Fig. 1. a) TEM images of UCNPs used in this study b) scheme of the HER2 labeling with UCNP-streptavidin conjugates c) multimodal laser illumination microscope system (Lens - L1, L2, L3, microlens array – MLA) d) uniform beam profile (Zemax simulation) and characterization of the beam profile of the 976 nm laser excitation line on the sample plane of the microscope.
The slides are subsequently analyzed employing a microlens array (MLA) based Köhler-illumination type user-built microscope system. The schematic of the microscope system is shown in Fig. 1(c). The home-built microscope is connected diode laser source (Ostech dst11-150W-976nm-105µm), and beam shaped with set of lenses L1 (AC254-050-B-ML, f = 50 mm), L2 (LA1484-B-ML, f = 300 mm), L3 (LA1433-B-ML, f = 150 mm). The power and power density at the sample plane were approximately 10 W and 22.6 MW/m2, respectively. The emission from the sample is selected using shortpass filter at 900 nm and bandpass filter (bandwidth 40 nm, central wavelength 800 nm) and further imaged onto sCMOS camera (Photometric Prime BSI). The system and its optical components were optimized in the Zemax OpticsStudio software to provide a uniform beam profile. Figure 1(d) shows the results of simulations and experimentally measured uniform beam profile on a UCNP test sample. The microscope includes additional excitation lines to perform H&E, DAPI, and DAB imaging.
To semi-quantify the UCNP labeling in the CPAs, the camera dark counts were first subtracted from recorded luminescence images. A schematic layout of the subsequent steps for semi-quantitatively assess the HER2 score in small sub-areas across the analysed images is shown in Fig. 2. First, a subset of macro images of 201 × 201 pixels with centre at each pixel to be analysed were generated. The size of the macro images was selected to include a number of neighbouring cells, minimize any distortion to the subsequent Fourier transform due to the finite size of the image and to also have one center pixel. In step 1, each macro image was 2D Fourier transformed and a band-pass filter was applied in the spatial frequency domain. This operation suppresses contributions of low frequency components, like background signals, while retaining the high-frequency components like the UCNP labeling of the cell membranes, and the completeness of UCNP HER2 labeling around the cell membrane. The parameters of the Fourier bandpass filter (inner and outer radius) were optimized to maximize the variation among the HER2 expression levels and capture the frequencies corresponding to circular HER2 expression around the cell membrane. Hence, the circular, high HER2 expression like 3 + has a relatively high contribution to filtered Fourier domain image as compared to non-circular lower HER2 expression (e.g. 1+, 0).

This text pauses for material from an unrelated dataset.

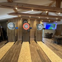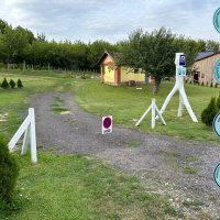 Children's playground in the fenced garden of the Caffé-bar (swings, slides, bouncy houses, bouncy castle, trampoline, skittles, fireplace) 30m from the site

Fig. 2. Flow chart of the Fourier-transform image processing algorithm for the semi-quantification of the HER2 expression.

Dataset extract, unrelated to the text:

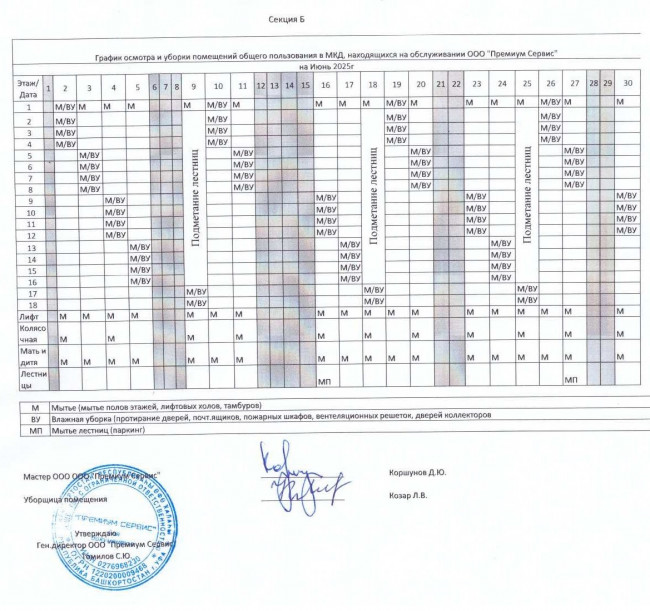 График уборки секция Б июнь 2025г

In step 2, the information is subsequently transformed back to the spatial domain and multiplied with a Gaussian weight filter with sigma value of 34 pixels. The weight filter ensures that the contribution of centre pixels in the macro image are dominating. All the 201 × 201 pixel values are then summed to create a single value for each macro image. This value is defined as the pixel score for the centre pixel, and the corresponding image generated by processing all macro images to pixel scores is called the pixel score image. Then area score is calculated as the mean of all pixels in pixel score image.
3. Results and discussion
For the bandpass filter in the spatial frequency domain of the images, an inner radius of 0.015 µm-1 and an outer radius of 0.92 µm-1. The lower limit was chosen to eliminate the zero DC frequency and the upper limit is chosen as the highest frequency seen in HER2 3 + expression. Figure 3 a-d shows the results of UCNP labeled CPAs with Fourier transformed image and line profile of frequencies. Here, the completeness of the cell membrane and intensity of labeling is decreased with declining HER2 level from 3 + to 2 + which decreases further in HER2 1+, 0 samples as expected by the ASCO/CAP guidelines [41]. In other words, fewer UCNPs are bound to cells in the HER2 control pellets exhibiting lower HER2 expressions. The area score with standard deviation across the pixel score images for different HER2 expressions in CPA samples is shown in Fig. 4. The area score provides a quantitative estimate of the HER2 expression for the entire CPA and increases with elevated HER2 expression levels. Thanks to the choice of the bandpass filter, the difference in area score for HER2 3 + and 2 + takes into account both the intensity of UCNP emission and the circular nature of HER2 expression as required by ASCO guidelines [41]. A similar area score of HER2 1 + and 0 was obtained. This can possibly be related to a minor amount of remaining UCNP clusters (non-specifically bound) present in the HER2 0 sample. Another explanation is the similarity of HER 1+, 0 expression making them hard to distinguish and quantify [10,42]. Improved washing steps to remove the UCNP clusters from the tissue slides and a better filtering procedure could help in optimizing the quantification at low HER2 expression levels. Though these minor clusters are present in all slides, they make more impact on results obtained for HER2 1 + and 0 as these slides have a minimal expression of HER2 receptors. However, our results in Fig. 4 show that we can measure the expression despite the presence of traces of UCNP clusters in the slides.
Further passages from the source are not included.